When Hobson handed her interviewer a reference sheet as she got up to leave, the interviewer asked her if she had waited to play her “ace in the hole” until the last possible moment. Hobson was confused. The first name on her reference sheet was Pamela Krupka, an accomplished IP attorney who had contacted Hobson after seeing the college-aged Hobson interviewed on television during the inaugural Jackie Robinson Day celebration at Dodger Stadium. Hobson was asked during the interview what she wanted to be, and she had replied, “a patent attorney.”
“I had always been self-taught when it came to technology. It was something I was passionate about as a kid.”
Mercedes Hobson
It just so happened that Hobson’s interviewer knew Krupka and knew that anyone who had studied under her would be able to handle the job. IBM would be Hobson’s launchpad into IP, and the full-circle moment never ceases to amaze her.
But why did an accomplished IP attorney like Krupka want to mentor Hobson in the first place? Since the age of seven, Hobson had grown up in the foster care system. Hobson’s mother, who was only thirteen when she gave birth, was unable to care for her daughter but remained in her life. But even at such a young age, her mother had incredible advice for her daughter.
“She always advised me that I could do anything in the world, but she just wanted me to make new mistakes,” Hobson says with a laugh. “She didn’t want me to make the same mistakes she had, and she wanted a better life for me.”

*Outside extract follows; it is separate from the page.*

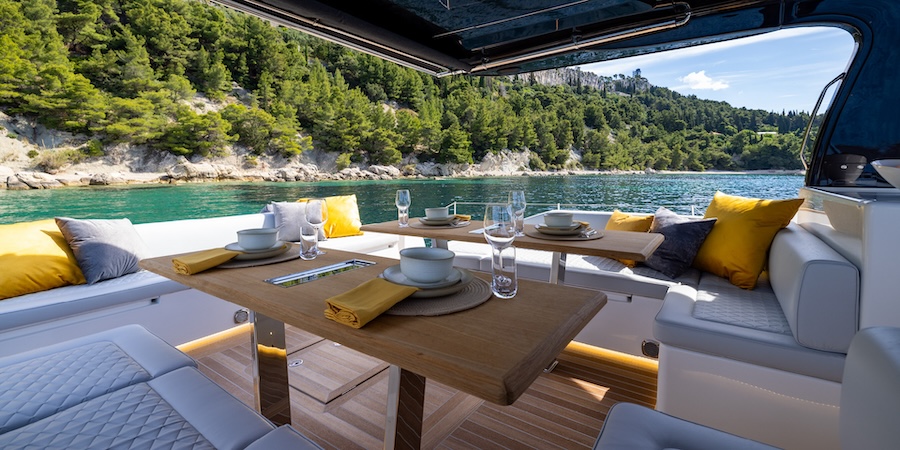 High freeboard, folding broadside, plenty of lounge areas and classy looks. Aesthetics aside, however, the interior layout is also noteworthy and suitable for longer sailings.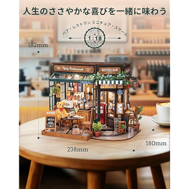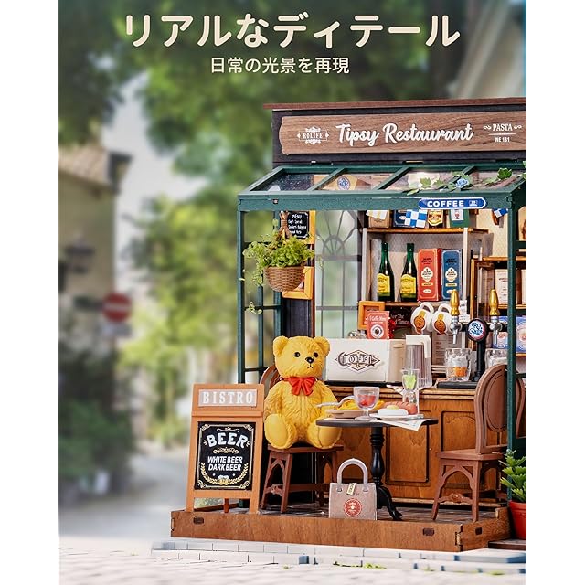 「ミニチュアハウスと癒し」Rolife 3Dパズル「ベア 」市内にあるキュービーズ・ダイニング・バーで、卓越した美学を持つオーナーが、クラシックさとモダンな美学を加えている。 リラックスした雰囲気の中でドリンクを楽しみながら交流できるオープン・バー・エリアと、静かに食事を楽しみたい人に最適な空間を提供する独立したテーブル席がある。 クラシックなクマ人形の要素が加わることで、給仕やおままごとをシミュレートする割り勘料理ゲームなど、シーンがさらに癒しと可愛らしさを増します。 製品組立サイズ:238x180x182mm。

Hobson says her story is full of loving people who chose to embrace her. There was the teacher who saw a young Hobson carrying her notebooks in a plastic sack and got her a new backpack full of materials. There was the school advisor who pushed her to apply to UCLA. There is a reason Hobson belongs at X, and not just because Google was always the company she had her heart set on.

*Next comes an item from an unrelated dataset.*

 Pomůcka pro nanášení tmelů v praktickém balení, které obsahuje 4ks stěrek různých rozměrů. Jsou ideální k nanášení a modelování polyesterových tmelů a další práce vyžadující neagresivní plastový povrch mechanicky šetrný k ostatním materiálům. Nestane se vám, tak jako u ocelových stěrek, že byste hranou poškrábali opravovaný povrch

Hobson belongs at X because she’s not only a passionate and accomplished IP attorney, but she keeps finding new ways to grow. After taking stock of the lack of diversity in her industry—she quotes the embarrassing statistic that there are more patent attorneys and agents in the US named Michael than there are racially diverse women—Hobson became more involved in Google’s Black Diaspora ERG. Eventually, she stepped up to colead it.
To build more community, Hobson, whose meals are so legendary that she’s opened her own catering business, hosted a cross-cultural food celebration. The event brought ERGs together to celebrate culture and provide those who may have felt they had to split their identities to multiple ERGS a place to feel at home. The Culinary Crossroads celebration was a massive hit, and it’s now become a tradition.
Hobson is actively working to welcome new voices into IP. She says attending the Afro Tech annual conference was one of the most impactful moments of her career, and she can only imagine the kind of inspiration it would have provided her at a younger age.
Hobson’s story is a celebration of so much. Her story can be so much to so many people. She wants anyone who has ever been in the foster system to know that it can be your superpower. Find your mentors. Connect with your community. And keep trying. You, too, could be an IP attorney by day, chef by night, and an inspiration for all.
“Mercedes is truly outstanding. We are privileged and fortunate to work with an attorney of her caliber.”